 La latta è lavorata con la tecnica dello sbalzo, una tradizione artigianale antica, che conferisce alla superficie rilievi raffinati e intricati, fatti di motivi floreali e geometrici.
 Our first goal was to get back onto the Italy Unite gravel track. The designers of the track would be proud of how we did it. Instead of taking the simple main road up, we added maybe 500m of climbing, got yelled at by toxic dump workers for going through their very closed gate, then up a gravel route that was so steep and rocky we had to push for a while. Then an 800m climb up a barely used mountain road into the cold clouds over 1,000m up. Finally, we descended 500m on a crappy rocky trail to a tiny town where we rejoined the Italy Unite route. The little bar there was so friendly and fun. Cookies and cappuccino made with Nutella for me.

+ + +

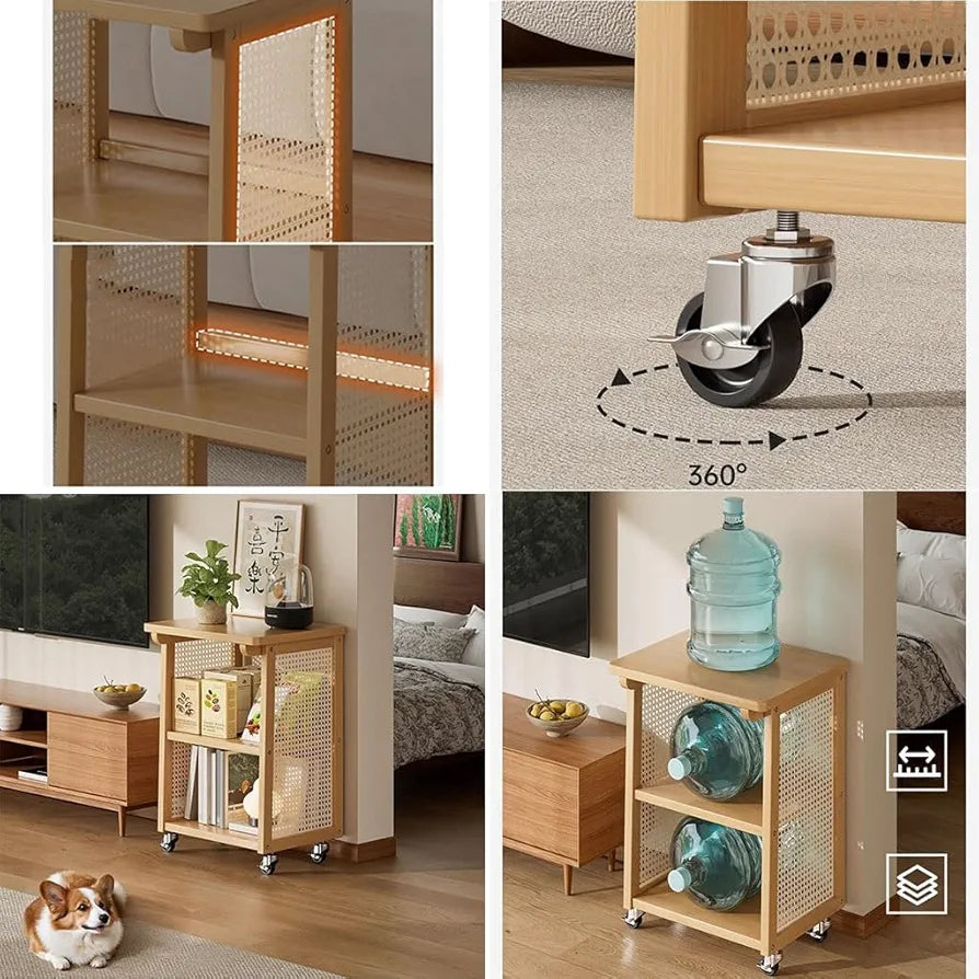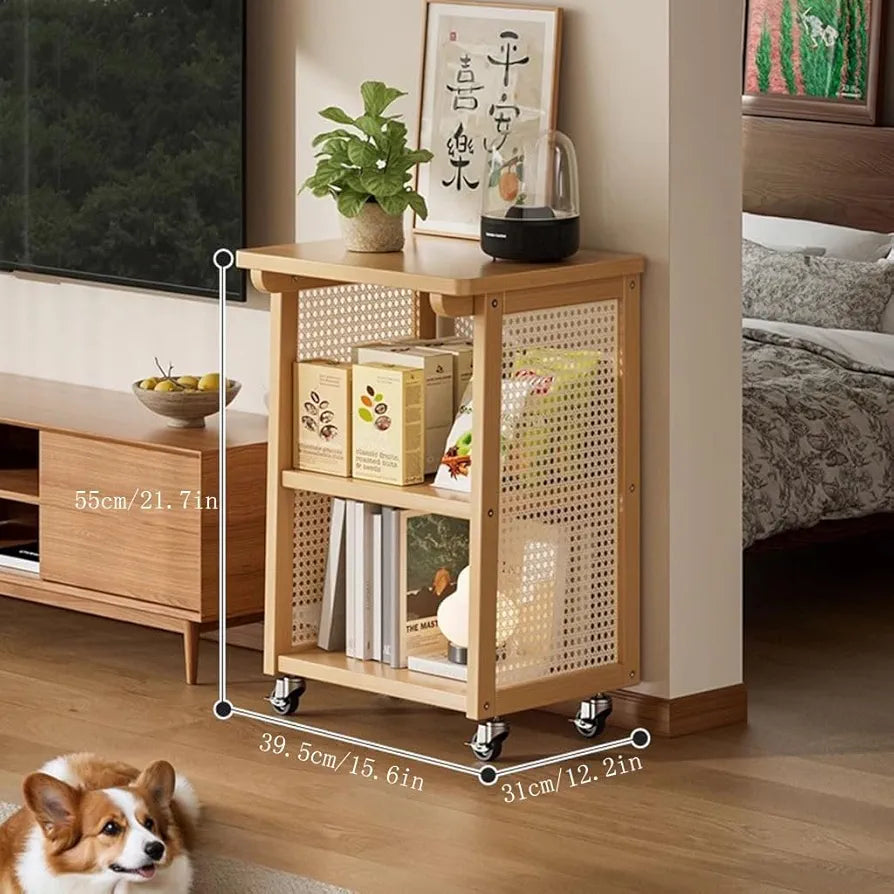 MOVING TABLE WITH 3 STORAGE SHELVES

+ + +

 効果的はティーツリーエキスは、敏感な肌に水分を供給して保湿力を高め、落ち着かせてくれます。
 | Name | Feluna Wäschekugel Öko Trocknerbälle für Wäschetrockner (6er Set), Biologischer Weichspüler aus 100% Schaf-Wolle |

+ + +

**TASK OBJECTIVE**
Give again exactly, and only, the lines above starting at the one with "La latta è lavorata" and ending at the one with "Our first goal".

**TASK OUTPUT**
 La latta è lavorata con la tecnica dello sbalzo, una tradizione artigianale antica, che conferisce alla superficie rilievi raffinati e intricati, fatti di motivi floreali e geometrici.
 Our first goal was to get back onto the Italy Unite gravel track. The designers of the track would be proud of how we did it. Instead of taking the simple main road up, we added maybe 500m of climbing, got yelled at by toxic dump workers for going through their very closed gate, then up a gravel route that was so steep and rocky we had to push for a while. Then an 800m climb up a barely used mountain road into the cold clouds over 1,000m up. Finally, we descended 500m on a crappy rocky trail to a tiny town where we rejoined the Italy Unite route. The little bar there was so friendly and fun. Cookies and cappuccino made with Nutella for me.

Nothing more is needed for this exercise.